2019.11.15 16:36

Lithuania and Russia conduct unprecedented spy swap

BNS2019.11.15 16:36

Two Lithuanians and a Norwegian were returned to Lithuania on Friday as part of a spy swap with Russia, the Lithuanian president's office said.

"Two Lithuanian citizens, Yevgeny Mataitis and Aristidas Tamošaitis, have been returned to Lithuania and are currently on their way to their families," Jonas Vytautas Žukas, a presidential advisor, told reporters.

As part of the operation at a border checkpoint, two Russians jailed for espionage in Lithuania were handed over to Russia after being pardoned by President Gitanas Nausėda.

Darius Jauniškis, the director of the Lithuanian State Security Department (VSD), said the exchange took place at Friday noon.

Mataitis and Tamošaitis were convicted of spying for Lithuania and jailed in Russia in 2016.

Tamošaitis was sentenced to 12 years in prison by a Moscow court. A court in Kaliningrad handed a 13-year prison sentence to Mataitis, a dual Lithuanian-Russian citizen.

Frode Berg, the Norwegian sentenced in Russia to 14 years in prison for espionage, was handed over to Norway's embassy in Vilnius on Friday.

Care for citizens

According to the presidential advisor and the intelligence chief, the operation shows that the state cares about its citizens.

"States must protect their citizens and use all available tools for that purpose. Citizens need to know that the state will not abandon them. This is a key precondition for confidence in one's country," Žukas said.

"Lithuanian citizens' freedom is a core value that must be protected," he added.

Jauniškis said after Friday's meeting with the president that "this international operation was carefully planned and carried out by experienced intelligence officers".

"This operation shows that Lithuania cares about every Lithuanian citizen and that every effort will always be made to defend and protect its people," he added.

Lithuanian officials never commented on intelligence links with Mataitis and Tamošaitis.

Mataitis lived in Vilnius before his arrest in Kaliningrad in 2015. He is married and has two underage sons, Antanas Bubnelis, Nausėda's spokesman, said.

Tamošaitis, who also lived in Vilnius before his arrest in Moscow in May 2015, has an adult daughter, he added.

Neither the VSD director nor the president's office responded to questions from journalists on Friday.

Russian agents

The Lithuanian president's office announced on Friday morning that Nauseda had pardoned two Russian citizens, Nikolai Filipchenko and Sergey Moiseyenko.

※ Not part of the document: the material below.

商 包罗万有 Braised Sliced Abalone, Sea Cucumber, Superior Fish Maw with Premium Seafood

Filipchenko was detained on April 29, 2015 when traveling by train from Russia's Baltic Sea exclave of Kaliningrad to Belarus via Lithuania.

On July 7, 2017, Vilnius Regional Court convicted Filipchenko of espionage and sentenced him to ten years in prison.

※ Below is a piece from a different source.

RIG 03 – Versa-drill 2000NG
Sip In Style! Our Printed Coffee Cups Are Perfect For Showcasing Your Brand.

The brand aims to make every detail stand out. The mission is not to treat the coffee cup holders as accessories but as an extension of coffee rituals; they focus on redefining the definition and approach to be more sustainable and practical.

According to Lithuanian law enforcement, he was an officer of the Kaliningrad branch of the Russian Federal Security Service (FSB) and operated under a fake identity.

According to Lithuanian intelligence, it was the first time that a Russian security service cadre had been detained in Lithuania for spying.]

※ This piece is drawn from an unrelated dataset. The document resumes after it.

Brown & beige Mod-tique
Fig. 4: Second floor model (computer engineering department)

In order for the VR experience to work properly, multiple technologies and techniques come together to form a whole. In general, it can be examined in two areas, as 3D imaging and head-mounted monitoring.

Lithuania's law enforcement said earlier that Filipchenko had sought to recruit officers from Lithuania's VIP Protection Department to bug the office and residence of the then President Dalia Grybauskaite. There were no comments on that information following the court's judgement.

Moiseyenko, an officer of Russia's military intelligence GRU, was detained in late 2014 and sentenced to 10 years and six months in prison by a court in Šiauliai on February 28, 2017.

Moiseyenko, an army surgeon, had lived in Lithuania since the 1970s and worked at a military hospital in Šiauliai. The man was stripped of his Lithuanian citizenship after it turned out that had concealed his Russian citizenship from Lithuanian authorities.

In 2012, Moiseyenko recruited Sergej Pusin, a Šiauliai military air base officer he had known since childhood, to supply him with information about the Lithuanian Armed Forces and NATO's air-policing mission, military flights and exercises, deployment locations, and operations in Afghanistan.

Copies of documents of Lithuania's Ministry of Defence and the personal files of some officers at the Šiauliai air base were handed over to Russian intelligence.

Based on the case evidence, Moiseyenko paid from 500 to 1,000 euros to Pusin for the information collected and handed by the officer. The two men had clandestine meetings in Moiseyenko's garage in Lithuania.

Moiseyenko denied his guilt and appealed against his sentence, but the Court of Appeals and the Supreme Court rejected his claims.